PROBLEM TO SOLVE
Please restate the entire listing verbatim.

Segment Open

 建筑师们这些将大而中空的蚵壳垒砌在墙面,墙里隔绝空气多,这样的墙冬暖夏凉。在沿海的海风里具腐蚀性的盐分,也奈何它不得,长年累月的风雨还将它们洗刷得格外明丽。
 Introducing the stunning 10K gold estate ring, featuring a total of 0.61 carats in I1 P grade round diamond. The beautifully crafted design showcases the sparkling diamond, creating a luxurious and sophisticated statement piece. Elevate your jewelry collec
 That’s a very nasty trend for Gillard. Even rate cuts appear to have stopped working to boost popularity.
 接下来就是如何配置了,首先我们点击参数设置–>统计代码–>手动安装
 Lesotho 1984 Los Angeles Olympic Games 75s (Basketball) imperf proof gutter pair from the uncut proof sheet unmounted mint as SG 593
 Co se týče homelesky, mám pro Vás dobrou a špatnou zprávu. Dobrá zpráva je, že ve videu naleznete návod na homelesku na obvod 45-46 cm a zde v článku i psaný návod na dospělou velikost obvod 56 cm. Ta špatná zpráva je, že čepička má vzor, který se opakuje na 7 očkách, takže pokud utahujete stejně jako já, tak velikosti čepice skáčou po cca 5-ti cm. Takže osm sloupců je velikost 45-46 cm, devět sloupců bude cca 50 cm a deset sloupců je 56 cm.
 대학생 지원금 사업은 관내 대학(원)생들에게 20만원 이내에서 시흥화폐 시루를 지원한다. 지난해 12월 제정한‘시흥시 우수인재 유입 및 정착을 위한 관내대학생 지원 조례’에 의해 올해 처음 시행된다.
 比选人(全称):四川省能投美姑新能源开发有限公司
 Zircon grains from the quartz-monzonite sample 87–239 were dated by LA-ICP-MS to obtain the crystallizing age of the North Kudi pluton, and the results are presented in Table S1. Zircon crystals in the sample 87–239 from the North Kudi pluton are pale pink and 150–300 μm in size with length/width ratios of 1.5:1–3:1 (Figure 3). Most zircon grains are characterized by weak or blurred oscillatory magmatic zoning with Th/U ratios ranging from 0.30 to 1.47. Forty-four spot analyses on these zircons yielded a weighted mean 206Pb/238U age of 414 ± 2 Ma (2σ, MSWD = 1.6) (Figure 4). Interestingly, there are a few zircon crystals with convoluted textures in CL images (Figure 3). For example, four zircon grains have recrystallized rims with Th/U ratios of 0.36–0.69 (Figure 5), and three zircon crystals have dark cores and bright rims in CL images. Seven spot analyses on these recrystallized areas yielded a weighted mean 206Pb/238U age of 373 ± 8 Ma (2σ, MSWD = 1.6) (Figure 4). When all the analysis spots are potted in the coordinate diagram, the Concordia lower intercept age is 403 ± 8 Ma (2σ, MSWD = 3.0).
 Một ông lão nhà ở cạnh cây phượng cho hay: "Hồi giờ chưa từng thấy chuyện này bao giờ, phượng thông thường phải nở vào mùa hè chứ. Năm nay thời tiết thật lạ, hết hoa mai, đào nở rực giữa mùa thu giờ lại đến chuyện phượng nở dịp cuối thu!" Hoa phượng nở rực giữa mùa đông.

Segment Closed

RESPONSE TO THIS TASK
 建筑师们这些将大而中空的蚵壳垒砌在墙面,墙里隔绝空气多,这样的墙冬暖夏凉。在沿海的海风里具腐蚀性的盐分,也奈何它不得,长年累月的风雨还将它们洗刷得格外明丽。
 Introducing the stunning 10K gold estate ring, featuring a total of 0.61 carats in I1 P grade round diamond. The beautifully crafted design showcases the sparkling diamond, creating a luxurious and sophisticated statement piece. Elevate your jewelry collec
 That’s a very nasty trend for Gillard. Even rate cuts appear to have stopped working to boost popularity.
 接下来就是如何配置了,首先我们点击参数设置–>统计代码–>手动安装
 Lesotho 1984 Los Angeles Olympic Games 75s (Basketball) imperf proof gutter pair from the uncut proof sheet unmounted mint as SG 593
 Co se týče homelesky, mám pro Vás dobrou a špatnou zprávu. Dobrá zpráva je, že ve videu naleznete návod na homelesku na obvod 45-46 cm a zde v článku i psaný návod na dospělou velikost obvod 56 cm. Ta špatná zpráva je, že čepička má vzor, který se opakuje na 7 očkách, takže pokud utahujete stejně jako já, tak velikosti čepice skáčou po cca 5-ti cm. Takže osm sloupců je velikost 45-46 cm, devět sloupců bude cca 50 cm a deset sloupců je 56 cm.
 대학생 지원금 사업은 관내 대학(원)생들에게 20만원 이내에서 시흥화폐 시루를 지원한다. 지난해 12월 제정한‘시흥시 우수인재 유입 및 정착을 위한 관내대학생 지원 조례’에 의해 올해 처음 시행된다.
 比选人(全称):四川省能投美姑新能源开发有限公司
 Zircon grains from the quartz-monzonite sample 87–239 were dated by LA-ICP-MS to obtain the crystallizing age of the North Kudi pluton, and the results are presented in Table S1. Zircon crystals in the sample 87–239 from the North Kudi pluton are pale pink and 150–300 μm in size with length/width ratios of 1.5:1–3:1 (Figure 3). Most zircon grains are characterized by weak or blurred oscillatory magmatic zoning with Th/U ratios ranging from 0.30 to 1.47. Forty-four spot analyses on these zircons yielded a weighted mean 206Pb/238U age of 414 ± 2 Ma (2σ, MSWD = 1.6) (Figure 4). Interestingly, there are a few zircon crystals with convoluted textures in CL images (Figure 3). For example, four zircon grains have recrystallized rims with Th/U ratios of 0.36–0.69 (Figure 5), and three zircon crystals have dark cores and bright rims in CL images. Seven spot analyses on these recrystallized areas yielded a weighted mean 206Pb/238U age of 373 ± 8 Ma (2σ, MSWD = 1.6) (Figure 4). When all the analysis spots are potted in the coordinate diagram, the Concordia lower intercept age is 403 ± 8 Ma (2σ, MSWD = 3.0).
 Một ông lão nhà ở cạnh cây phượng cho hay: "Hồi giờ chưa từng thấy chuyện này bao giờ, phượng thông thường phải nở vào mùa hè chứ. Năm nay thời tiết thật lạ, hết hoa mai, đào nở rực giữa mùa thu giờ lại đến chuyện phượng nở dịp cuối thu!" Hoa phượng nở rực giữa mùa đông.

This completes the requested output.